Data to examine:
· · · · · · ·
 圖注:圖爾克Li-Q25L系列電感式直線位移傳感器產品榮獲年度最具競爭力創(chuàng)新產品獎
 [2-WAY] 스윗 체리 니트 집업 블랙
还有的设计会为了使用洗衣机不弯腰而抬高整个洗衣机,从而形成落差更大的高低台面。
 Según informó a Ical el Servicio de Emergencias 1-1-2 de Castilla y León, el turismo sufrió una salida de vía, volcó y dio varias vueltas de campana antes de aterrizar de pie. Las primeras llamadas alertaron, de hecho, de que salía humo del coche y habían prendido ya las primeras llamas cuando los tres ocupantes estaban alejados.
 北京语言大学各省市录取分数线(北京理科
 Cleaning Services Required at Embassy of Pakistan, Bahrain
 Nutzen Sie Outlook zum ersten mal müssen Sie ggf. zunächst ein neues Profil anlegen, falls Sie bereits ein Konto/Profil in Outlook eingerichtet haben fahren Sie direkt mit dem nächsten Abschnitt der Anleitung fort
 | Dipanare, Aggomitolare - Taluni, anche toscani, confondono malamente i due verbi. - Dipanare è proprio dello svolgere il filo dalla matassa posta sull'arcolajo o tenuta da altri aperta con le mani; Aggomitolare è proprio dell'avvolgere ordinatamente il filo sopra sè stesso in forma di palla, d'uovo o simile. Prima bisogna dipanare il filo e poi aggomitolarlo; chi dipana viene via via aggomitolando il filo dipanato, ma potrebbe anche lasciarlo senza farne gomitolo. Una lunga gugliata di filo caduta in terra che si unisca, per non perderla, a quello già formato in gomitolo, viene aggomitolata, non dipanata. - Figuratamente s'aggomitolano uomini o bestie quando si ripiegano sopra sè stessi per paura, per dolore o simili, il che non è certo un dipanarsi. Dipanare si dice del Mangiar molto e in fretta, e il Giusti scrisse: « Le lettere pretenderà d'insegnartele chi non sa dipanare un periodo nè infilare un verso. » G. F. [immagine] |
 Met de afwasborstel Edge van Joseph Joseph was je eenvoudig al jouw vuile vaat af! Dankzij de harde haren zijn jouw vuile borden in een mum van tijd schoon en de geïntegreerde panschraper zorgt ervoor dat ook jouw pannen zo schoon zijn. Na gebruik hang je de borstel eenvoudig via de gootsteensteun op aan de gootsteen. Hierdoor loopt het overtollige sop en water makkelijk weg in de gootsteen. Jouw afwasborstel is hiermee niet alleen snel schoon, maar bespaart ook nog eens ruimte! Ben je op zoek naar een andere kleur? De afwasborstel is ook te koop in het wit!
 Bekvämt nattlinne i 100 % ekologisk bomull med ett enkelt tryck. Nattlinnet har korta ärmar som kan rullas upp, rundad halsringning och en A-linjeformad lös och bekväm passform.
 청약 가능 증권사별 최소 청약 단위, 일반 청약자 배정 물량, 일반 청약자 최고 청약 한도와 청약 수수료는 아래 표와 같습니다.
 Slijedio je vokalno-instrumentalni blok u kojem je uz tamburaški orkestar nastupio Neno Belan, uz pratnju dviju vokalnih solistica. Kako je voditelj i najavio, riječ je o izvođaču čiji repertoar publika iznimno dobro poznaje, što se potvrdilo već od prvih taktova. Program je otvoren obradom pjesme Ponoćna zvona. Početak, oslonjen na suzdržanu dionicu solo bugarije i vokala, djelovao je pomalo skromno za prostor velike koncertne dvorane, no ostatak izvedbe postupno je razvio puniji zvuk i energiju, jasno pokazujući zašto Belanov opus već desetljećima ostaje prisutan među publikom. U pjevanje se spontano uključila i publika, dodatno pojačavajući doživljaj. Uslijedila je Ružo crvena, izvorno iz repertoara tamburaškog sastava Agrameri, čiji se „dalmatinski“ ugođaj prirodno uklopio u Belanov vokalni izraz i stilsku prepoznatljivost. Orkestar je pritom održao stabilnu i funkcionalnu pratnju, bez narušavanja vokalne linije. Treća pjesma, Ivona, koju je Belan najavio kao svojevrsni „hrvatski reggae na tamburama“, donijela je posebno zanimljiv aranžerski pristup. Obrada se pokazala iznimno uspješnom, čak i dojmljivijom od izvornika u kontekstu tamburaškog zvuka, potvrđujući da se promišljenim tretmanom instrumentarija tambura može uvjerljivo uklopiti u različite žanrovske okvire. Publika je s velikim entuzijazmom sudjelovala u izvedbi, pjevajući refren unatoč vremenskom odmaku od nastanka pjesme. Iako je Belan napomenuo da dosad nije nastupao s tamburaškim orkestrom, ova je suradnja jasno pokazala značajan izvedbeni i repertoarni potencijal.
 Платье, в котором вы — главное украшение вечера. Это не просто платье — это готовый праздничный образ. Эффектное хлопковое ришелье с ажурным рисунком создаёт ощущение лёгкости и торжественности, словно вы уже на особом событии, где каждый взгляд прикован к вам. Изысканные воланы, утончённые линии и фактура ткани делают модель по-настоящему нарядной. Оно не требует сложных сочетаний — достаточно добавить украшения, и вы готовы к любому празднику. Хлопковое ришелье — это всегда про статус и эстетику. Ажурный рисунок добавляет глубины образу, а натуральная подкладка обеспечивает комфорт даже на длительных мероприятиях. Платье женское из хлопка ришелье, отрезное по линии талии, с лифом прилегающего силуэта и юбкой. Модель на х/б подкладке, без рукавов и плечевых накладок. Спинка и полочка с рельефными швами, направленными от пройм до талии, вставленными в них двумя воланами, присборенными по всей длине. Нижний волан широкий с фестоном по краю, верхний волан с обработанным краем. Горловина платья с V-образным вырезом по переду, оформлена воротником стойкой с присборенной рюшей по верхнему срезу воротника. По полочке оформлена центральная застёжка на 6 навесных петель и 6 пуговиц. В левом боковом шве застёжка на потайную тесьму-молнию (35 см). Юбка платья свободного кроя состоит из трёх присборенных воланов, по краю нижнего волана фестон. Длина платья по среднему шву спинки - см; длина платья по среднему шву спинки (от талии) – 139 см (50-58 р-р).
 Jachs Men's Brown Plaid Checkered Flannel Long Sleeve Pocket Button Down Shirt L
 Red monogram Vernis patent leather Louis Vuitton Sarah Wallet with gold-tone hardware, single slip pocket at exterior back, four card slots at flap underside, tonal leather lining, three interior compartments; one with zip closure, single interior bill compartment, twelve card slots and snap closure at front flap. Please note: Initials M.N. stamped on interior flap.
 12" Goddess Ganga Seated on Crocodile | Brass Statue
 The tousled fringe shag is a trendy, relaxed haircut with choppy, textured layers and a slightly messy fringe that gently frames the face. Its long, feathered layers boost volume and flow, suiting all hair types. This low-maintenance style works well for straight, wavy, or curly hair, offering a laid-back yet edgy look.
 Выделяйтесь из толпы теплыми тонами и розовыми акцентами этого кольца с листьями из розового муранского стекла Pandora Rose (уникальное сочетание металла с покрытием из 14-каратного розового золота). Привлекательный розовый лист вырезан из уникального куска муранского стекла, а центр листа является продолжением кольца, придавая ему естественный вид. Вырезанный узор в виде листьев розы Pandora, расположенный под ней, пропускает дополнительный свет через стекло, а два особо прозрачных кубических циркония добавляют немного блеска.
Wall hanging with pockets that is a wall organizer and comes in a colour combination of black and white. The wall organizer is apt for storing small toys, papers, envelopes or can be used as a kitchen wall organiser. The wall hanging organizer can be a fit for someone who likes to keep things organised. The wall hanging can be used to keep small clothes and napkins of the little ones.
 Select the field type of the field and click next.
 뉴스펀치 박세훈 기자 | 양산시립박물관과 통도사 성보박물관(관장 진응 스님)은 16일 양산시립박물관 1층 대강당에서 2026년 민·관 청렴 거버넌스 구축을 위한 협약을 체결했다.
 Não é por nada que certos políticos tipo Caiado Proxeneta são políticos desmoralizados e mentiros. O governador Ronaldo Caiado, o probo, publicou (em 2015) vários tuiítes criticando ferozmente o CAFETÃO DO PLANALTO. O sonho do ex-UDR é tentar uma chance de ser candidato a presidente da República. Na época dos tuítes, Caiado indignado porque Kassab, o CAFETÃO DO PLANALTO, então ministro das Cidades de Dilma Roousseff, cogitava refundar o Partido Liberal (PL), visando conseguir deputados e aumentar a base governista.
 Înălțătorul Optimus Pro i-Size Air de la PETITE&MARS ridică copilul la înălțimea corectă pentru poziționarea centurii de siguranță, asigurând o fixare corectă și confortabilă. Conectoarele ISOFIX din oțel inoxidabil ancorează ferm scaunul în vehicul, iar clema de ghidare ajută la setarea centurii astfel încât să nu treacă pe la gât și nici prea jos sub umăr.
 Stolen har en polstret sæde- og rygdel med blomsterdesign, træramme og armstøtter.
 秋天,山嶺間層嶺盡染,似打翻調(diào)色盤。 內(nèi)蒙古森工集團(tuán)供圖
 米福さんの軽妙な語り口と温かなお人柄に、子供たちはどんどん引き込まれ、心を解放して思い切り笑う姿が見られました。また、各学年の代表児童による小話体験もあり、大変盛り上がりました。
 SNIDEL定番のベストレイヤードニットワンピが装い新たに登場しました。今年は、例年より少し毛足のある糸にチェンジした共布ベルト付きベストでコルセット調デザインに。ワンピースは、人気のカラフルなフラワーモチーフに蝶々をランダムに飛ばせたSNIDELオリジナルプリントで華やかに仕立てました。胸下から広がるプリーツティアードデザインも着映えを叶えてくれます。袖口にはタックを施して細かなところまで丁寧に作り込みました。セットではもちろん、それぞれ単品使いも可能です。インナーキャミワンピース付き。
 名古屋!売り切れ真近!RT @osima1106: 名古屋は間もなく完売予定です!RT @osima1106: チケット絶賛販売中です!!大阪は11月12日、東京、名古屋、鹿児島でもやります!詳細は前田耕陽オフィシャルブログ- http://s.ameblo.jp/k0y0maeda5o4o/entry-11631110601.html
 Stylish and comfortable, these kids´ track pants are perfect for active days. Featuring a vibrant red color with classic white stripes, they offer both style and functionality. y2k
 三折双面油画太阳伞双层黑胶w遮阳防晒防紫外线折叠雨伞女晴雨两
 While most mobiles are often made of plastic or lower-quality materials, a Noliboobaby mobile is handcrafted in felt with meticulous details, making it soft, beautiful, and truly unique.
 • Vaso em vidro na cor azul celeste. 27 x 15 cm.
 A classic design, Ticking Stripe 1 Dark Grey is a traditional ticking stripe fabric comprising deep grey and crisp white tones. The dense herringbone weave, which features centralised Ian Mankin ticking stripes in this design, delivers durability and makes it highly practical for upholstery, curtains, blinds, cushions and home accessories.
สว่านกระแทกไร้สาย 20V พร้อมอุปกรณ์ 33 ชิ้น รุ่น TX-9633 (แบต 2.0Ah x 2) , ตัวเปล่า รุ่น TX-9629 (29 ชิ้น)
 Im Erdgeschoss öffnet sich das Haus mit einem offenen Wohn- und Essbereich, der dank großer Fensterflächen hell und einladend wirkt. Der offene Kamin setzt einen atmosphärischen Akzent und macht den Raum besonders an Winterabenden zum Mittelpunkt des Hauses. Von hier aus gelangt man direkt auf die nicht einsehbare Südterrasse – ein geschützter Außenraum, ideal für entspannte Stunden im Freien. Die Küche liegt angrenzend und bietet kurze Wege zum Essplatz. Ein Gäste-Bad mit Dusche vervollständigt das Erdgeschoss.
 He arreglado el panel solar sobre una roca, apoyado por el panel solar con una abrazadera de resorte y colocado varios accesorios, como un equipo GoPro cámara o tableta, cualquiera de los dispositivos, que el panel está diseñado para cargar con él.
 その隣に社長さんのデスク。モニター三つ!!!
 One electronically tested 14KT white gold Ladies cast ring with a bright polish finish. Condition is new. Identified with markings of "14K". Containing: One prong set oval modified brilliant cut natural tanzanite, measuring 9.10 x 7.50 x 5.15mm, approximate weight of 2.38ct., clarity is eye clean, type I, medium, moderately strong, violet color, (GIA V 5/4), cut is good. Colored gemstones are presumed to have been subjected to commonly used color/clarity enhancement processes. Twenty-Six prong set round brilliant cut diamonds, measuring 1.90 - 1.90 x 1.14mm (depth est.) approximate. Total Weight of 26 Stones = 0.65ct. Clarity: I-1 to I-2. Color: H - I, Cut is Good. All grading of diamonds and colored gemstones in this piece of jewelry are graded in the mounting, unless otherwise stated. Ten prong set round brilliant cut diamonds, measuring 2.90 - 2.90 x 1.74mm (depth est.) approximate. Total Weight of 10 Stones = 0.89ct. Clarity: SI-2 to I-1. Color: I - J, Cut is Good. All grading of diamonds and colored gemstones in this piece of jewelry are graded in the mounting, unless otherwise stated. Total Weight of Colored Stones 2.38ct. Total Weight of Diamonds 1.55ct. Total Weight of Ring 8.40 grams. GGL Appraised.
· · · · · · ·
What you are asked to do:
In the entries above, find the line with "Stylish and comfortable, these" and the line with "While most mobiles", then restate word for word both of them and every line between, with nothing more.

Task answer:
 Stylish and comfortable, these kids´ track pants are perfect for active days. Featuring a vibrant red color with classic white stripes, they offer both style and functionality. y2k
 三折双面油画太阳伞双层黑胶w遮阳防晒防紫外线折叠雨伞女晴雨两
 While most mobiles are often made of plastic or lower-quality materials, a Noliboobaby mobile is handcrafted in felt with meticulous details, making it soft, beautiful, and truly unique.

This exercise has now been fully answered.